UK officials say digital TV will not produce windfall for spectrum

Government officials in the United Kingdom have warned that millions of people will be unable to access digital television unless manufacturers and service providers make their products easier to use.

UK researchers found digital TV equipment is much harder to use than existing analog devices, said UK e-commerce minister Stephen Timms. He called on the digital TV industry to wake up and pay more attention to usability.

As in the U.S., the British government has mandated a DTV transition, insisting that analog broadcasts end by the year 2010. But in a separate study announced last week, the UK government has given up the idea of getting a windfall of revenue from the sale of analog TV spectrum. Unlike the profitable auctions of 3G mobile telephone spectrum during the era, UK officials now see the analog television spectrum as not as valuable as previously thought.

The government-backed research on DTV ergonomics by The Generics Group, found that two million people—about seven percent of the UK population—would be unable to use one of today’s digital set-top boxes because it is too complicated, badly designed or “non-intuitive.”

Digital television in the UK, like in the U.S., is also meeting resistance. ZDNet UK last week said “the government’s approach to digital television is increasingly resembling a game of chicken.
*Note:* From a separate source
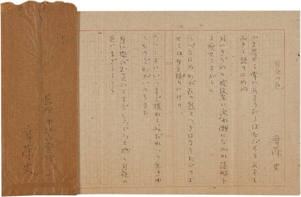 • 解説 『月夜の色』 ペン書 400字詰原稿用紙1枚完 中河幹子宛の封書(昭24・12・13)付。「かき寄せて掌にあまりたるはなびらをあましおきて語り止めぬ」等5首。(種別)短歌 #八木書店近代自筆物/1.草稿類 #八木古書2026年3月新蒐 95713540 ※自筆物につきましては、毎月25日前後に新蒐品を追加しております。PDF形式で御覧になりたい方は https://company.books-yagi.co.jp/archives/news/10928 を参照ください。95号目録(R8.1)以後の追加は「#八木古書2026」で検索できます。
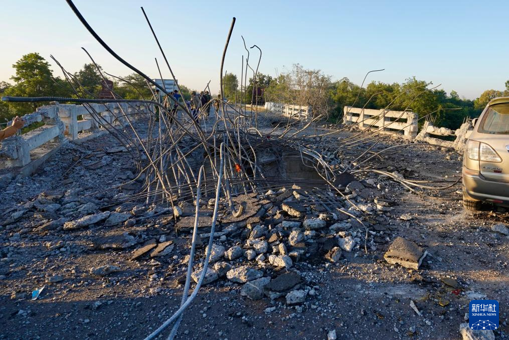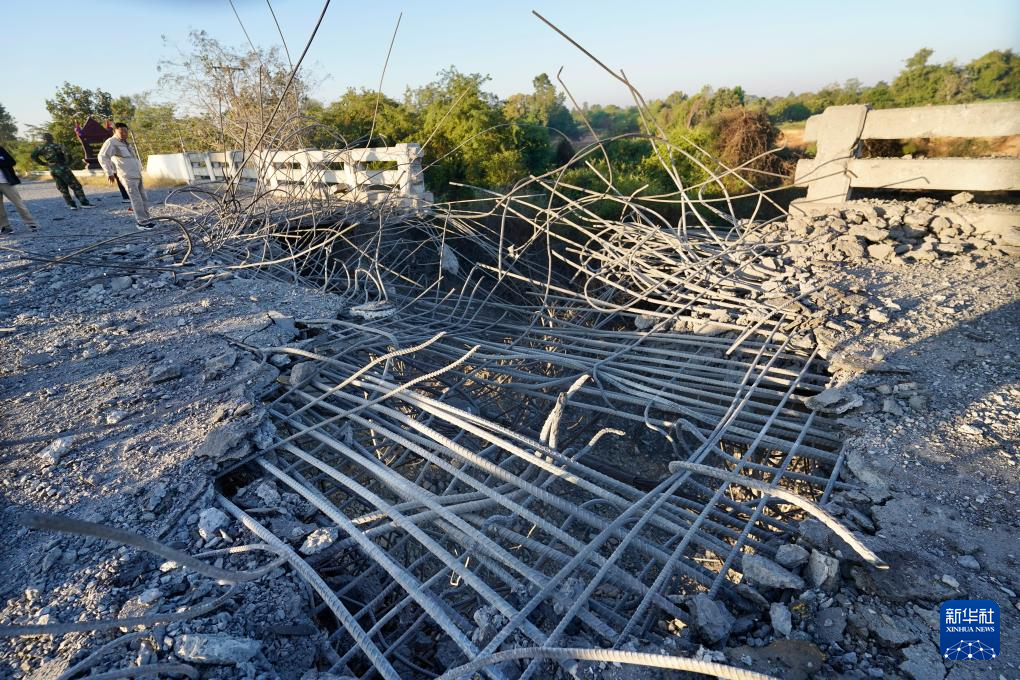 这是12月20日在柬埔寨奥多棉吉省与暹粒省交界处拍摄的被轰炸的桥梁。新华社/柬新社

Its official policy is that it is committed to completing the switch from analog to digital transmissions by 2010. However, some in the industry suspect this isn’t achievable, which reportedly discourages manufacturers and television firms from large-scale investment in digital products and services—making the doubts self-fulfilling.”

Though complexity of digital television has been a consumer issue in the U.S., so far no U.S. government official has openly addressed it. But, added Timms in the UK, “manufacturers must recognize the opportunities and commercial rewards from designing products which are accessible to the widest range of consumers. We cannot expect people to fully embrace digital television unless it is simple and easy to install and use.”